# ALT liver enzyme



## Nova&Uschi'sMom (Mar 22, 2013)

Hi folks, our big boy just turned 9 years old. About 1.5 years ago we started monitoring his blood work. In 2017, his ALT liver enzyme was above normal range at 382 (we were told regular range is 18-121). He seemed healthy and happy, so we decided not to do anything about it. One year later in 2018, his ALT liver enzyme was up to 403. So we started him on the liver medication hepatosyl. Since then (July 2018) his ALT has been fluctuating between 300-350. Has anyone had similar experiences or know much about the ALT liver enzyme and hepatosyl? Since the med hasn't improved his liver enzyme level much, we're thinking of taking him back off the med. We just don't know if it's likely that this high ALT level might just be normal for him? Or if we should be more concerned that there is some underlying liver issue? Thanks!


----------



## Jax08 (Feb 13, 2009)

Why do you say it didn't help? It was 403 and has maintained 300-350? Have you done any diagnostics to look at his liver?


----------



## Magwart (Jul 8, 2012)

You really ought to try to get to the bottom of this. If your vet is stumped, maybe he or she can refer you to a board-certified veterinary internal medicine specialist?

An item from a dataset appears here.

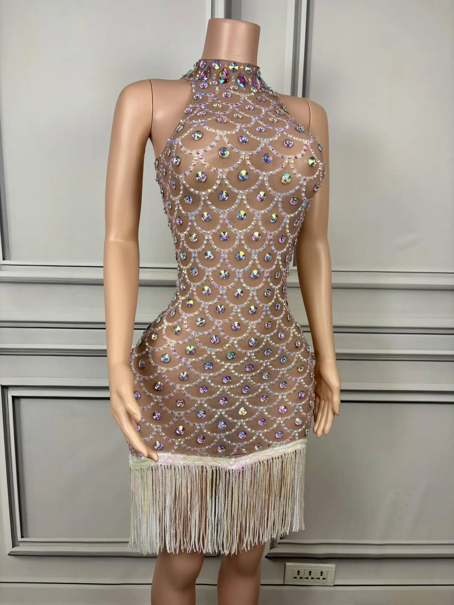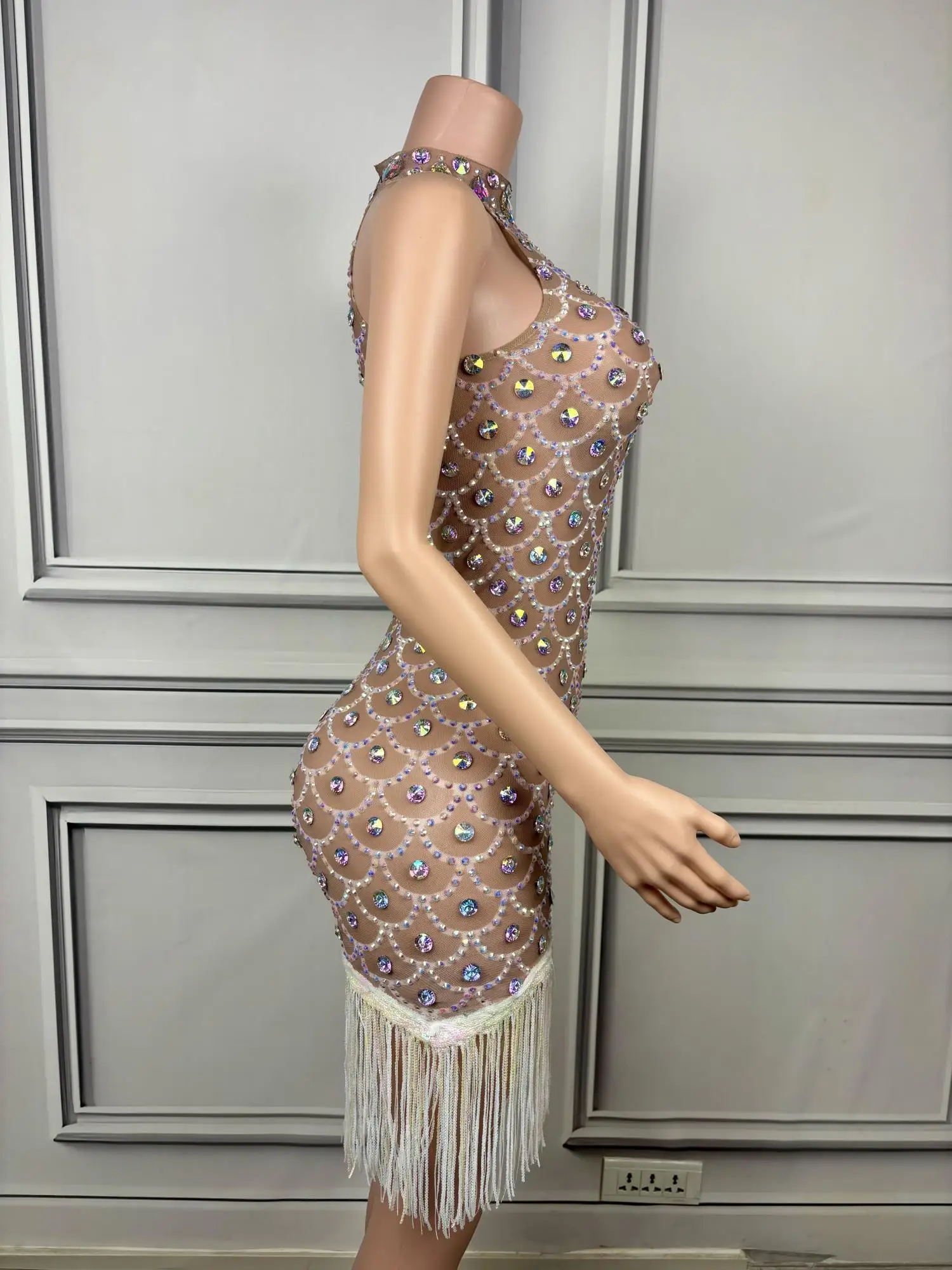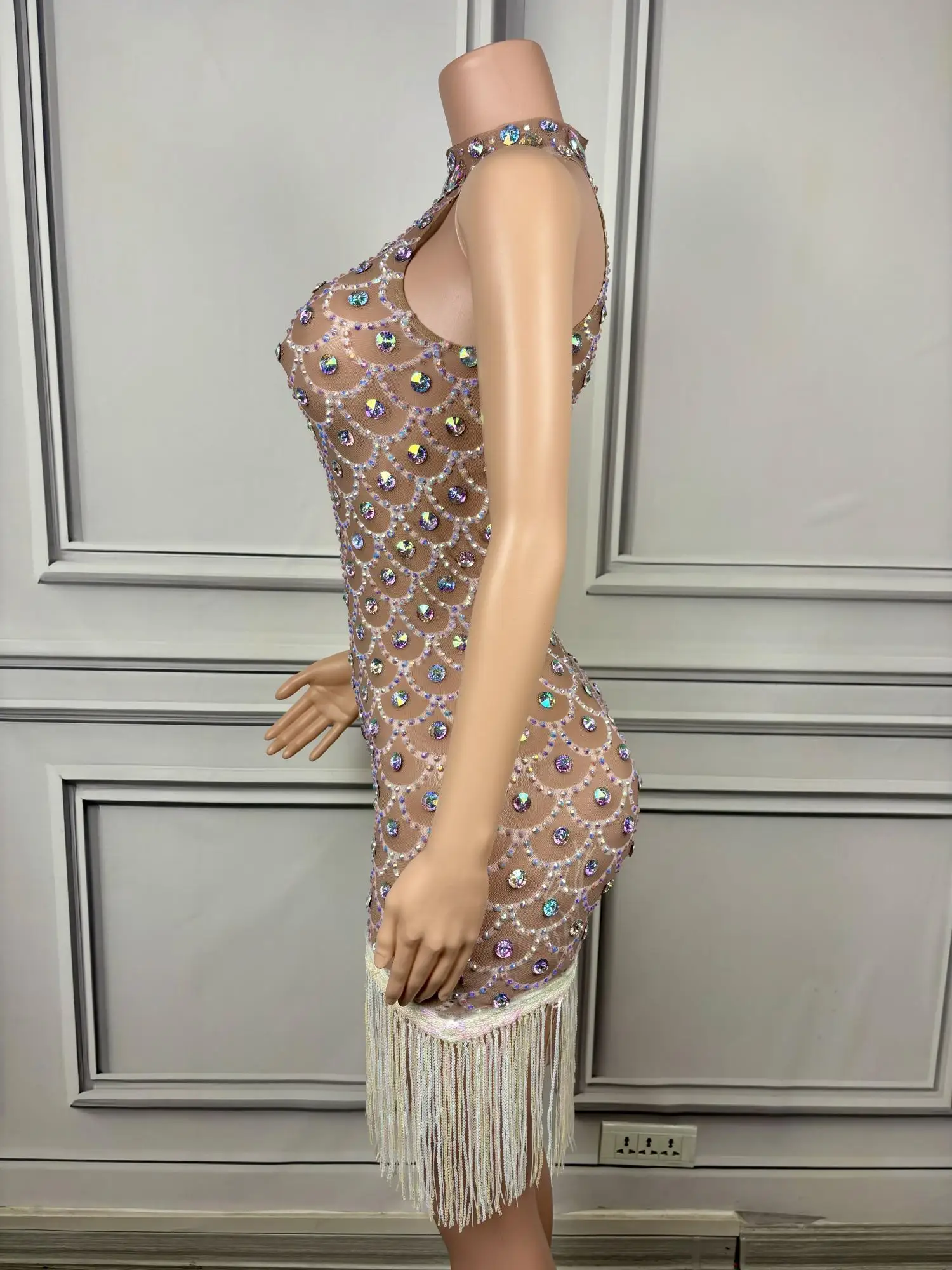 Fashion Tassel Rhinestones Luxurious Dresses Sexy Transparent Outfit Dance Stage Wedding Nightclub Handmade Costume Langhua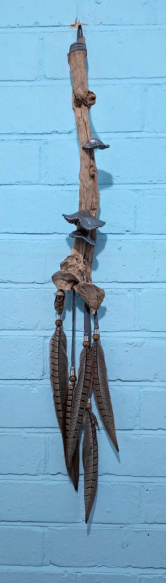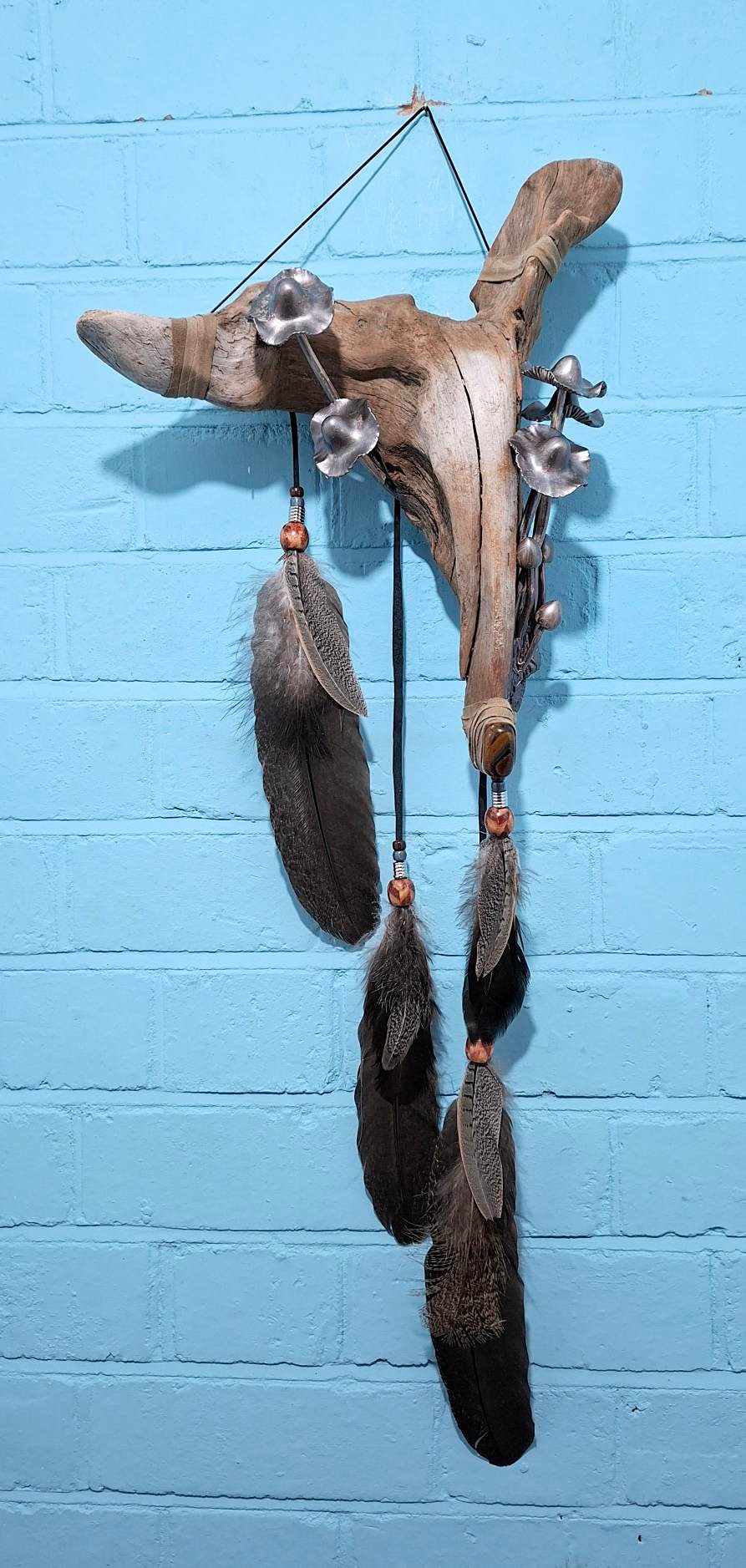 This original sculpture is made from driftwood, clay, leather and feathers. A unique and stunning sculpture that tells the story the horse spirit.

From the little I've read, 3x normal typically is the line where they start trying to investigate to find a cause, or persistently 2x normal. There are a LOT of potential causes of liver injury/liver disease though, so it's a detective exercise to get to the root cause. Your vet may need to hear that you want to find answers as to cause, even though it's going to cost some money to do that.

Exposure to toxins is apparently a big one to look into -- and the list of things that are hepatoxins is large, but that's a task you can work on for your vet. It apparently includes landscaping (esp. sago palm), blue green algae (common in warm, stagnant water in some parts of the US), _Amanita_ mushrooms, aflatoxins (common in grains, and sometimes found in some kibble), heavy metals, xylitol or chlorinated compounds (pool water would be a suspect here). The list of suspects also includes some RX veterinary drugs (ketoconazole, azathioprine, carprofen, lomustine, acetaminophen, mitotane, phenobarbital and more). You also have supplements and herbal remedies implicated as suspects (with herbal teas, pennyroyal oil and comfrey being the biggest suspects). My list here is just copied from an article mentioning "common" liver toxins -- but you might haven an uncommon one. The ASPCA has a list of poisonous landscaping plants for dogs, so I would go through and, check off what plants you know are around that might be problems:
https://www.aspca.org/pet-care/animal-poison-control/toxic-and-non-toxic-plants

I would then evaluate home, lifestyle, and everything the dog could ingest -- literally walking the property where the dog hangs out, looking for things that might be getting nibbled regularly on that are on the poisonous plant list. 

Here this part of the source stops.